陈彬蹲在八爷家的堂屋里,手里借着一张纸捻着一枚袁像共和银元,打量了两眼,这种银元属于硬币款式,是非常难以留下指纹的。
确认好后,将其放回箱子里。
他抬起头,目光落在八爷脸上,继续问道:“除了我之外,这段时间还有没有别的人过来问过关于吴继业的事?”
八爷摇了摇头:“没有。你是第一个。”
陈彬点了点头,又问:“吴继业和张力山他们分完钱之后,吴继业去了哪里,你知不知道?”
八爷回忆了一下:“那天是上午,他们四个当着我的面把钱分完。吴继业把那辆黑色夏利开过来,上车就走了。张力山带着其余两人个人,往天心阁外面走的,具体去了哪里我就不清楚了。”
陈彬将这些信息在脑子里过了一遍,站起身来,拍了拍手上的灰。
他走到门口,对守在院外的祁大春招了招手,低声交代了几句。
祁大春点了点头,转身去附近的派出所联系人来处理八爷和他的这批文物。
陈彬回到堂屋,看了一眼蹲在墙角、神色忐忑的八爷,没有再多说什么,转身走出了院子。
一个小时后,陈彬和祁大春赶到了田心区纺织厂。
纺织厂的大门是两扇铁栅栏门,门卫室里一个穿着蓝色工装的老头正戴着老花镜看报纸。
陈彬出示了证件,门卫老头连忙放下报纸,打开铁门让他们进去。
厂区里机器的轰鸣声隔着几栋厂房都能听得清清楚楚。
没过多久,汪海超带着宋毅也赶到了。
陈彬站在纺织厂办公楼前的空地上,简单向他们说明了情况:
“八爷那边交代了,吴继业卖古币换了十多万块钱,分给了三个人。
其中一个叫张力山,是田心纺织厂的男工。
案发后吴继业开着那辆黑色夏利走了,张力山带着另外三个人离开。
张力山是目前我们手里最直接的线索。”
汪海超点了点头:“人在厂里吗?”
“还不知道,先进保卫科查一下。”
几人走进纺织厂的保卫科。
保卫科长是个四十多岁的中年人,姓周。
陈彬出示了证件并说明了来意,周科长一听是涉及灭门案的嫌疑人,脸色立刻严肃起来,转身从铁皮柜里翻出职工花名册,手指在一行行名字上划过,最终停在了一个名字上。
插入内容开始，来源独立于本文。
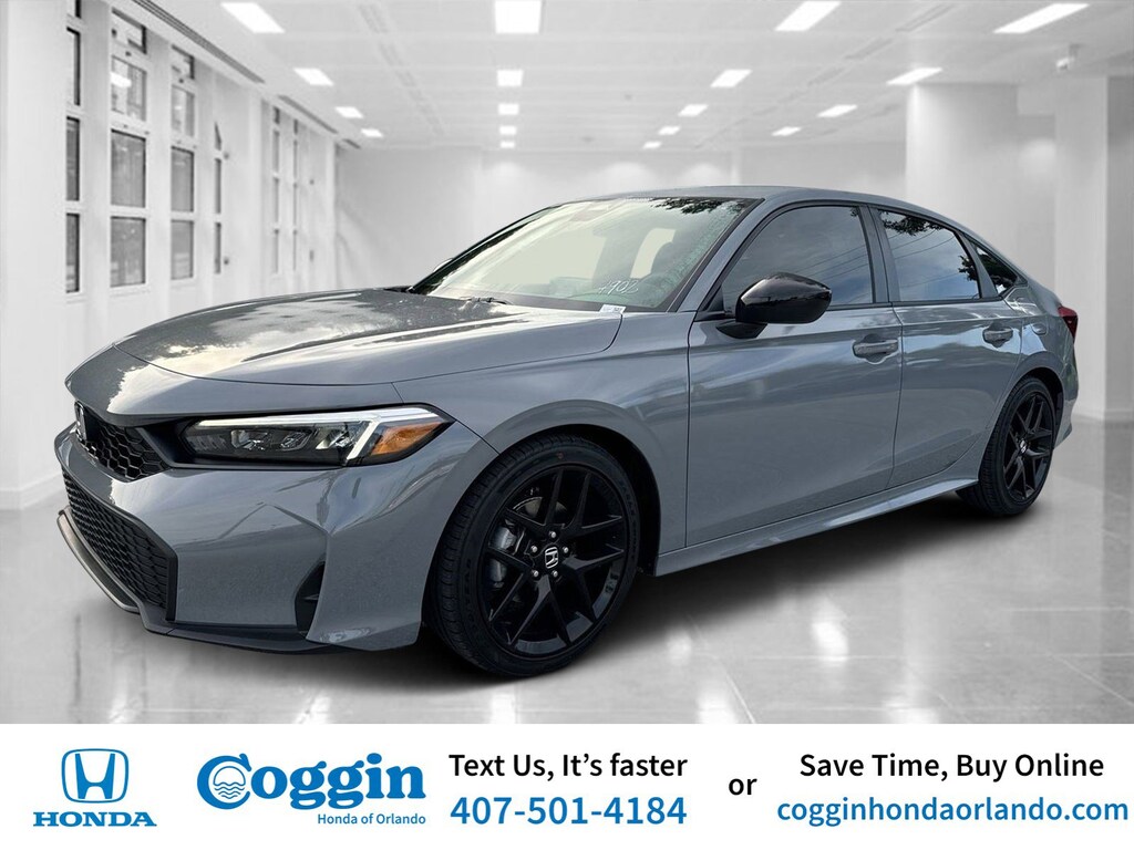 Urban Gray Pearl 2026 Honda Civic 4D Sedan Sport CVT 2.0L I4 DOHC 16V 31/39 City/Highway MPG Black Artificial Leather.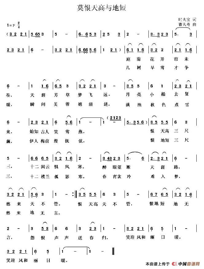 关于《莫恨天高与地短 》曲谱的评论

“张力山,男,三十六岁,本厂职工,在漂染车间上班。”
周科长抬起头,
“他今天没来上班,说是请了病假。不过他应该在家,他家就住在厂区后面的家属楼里,三号楼二单元四楼左手边。”
陈彬合上花名册,看向汪海超和祁大春:
“走,抓人。”
保卫科长带着陈彬、祁大春、王海超等人,沿着厂区后面的小路,很快就找到了三号楼二单元四楼。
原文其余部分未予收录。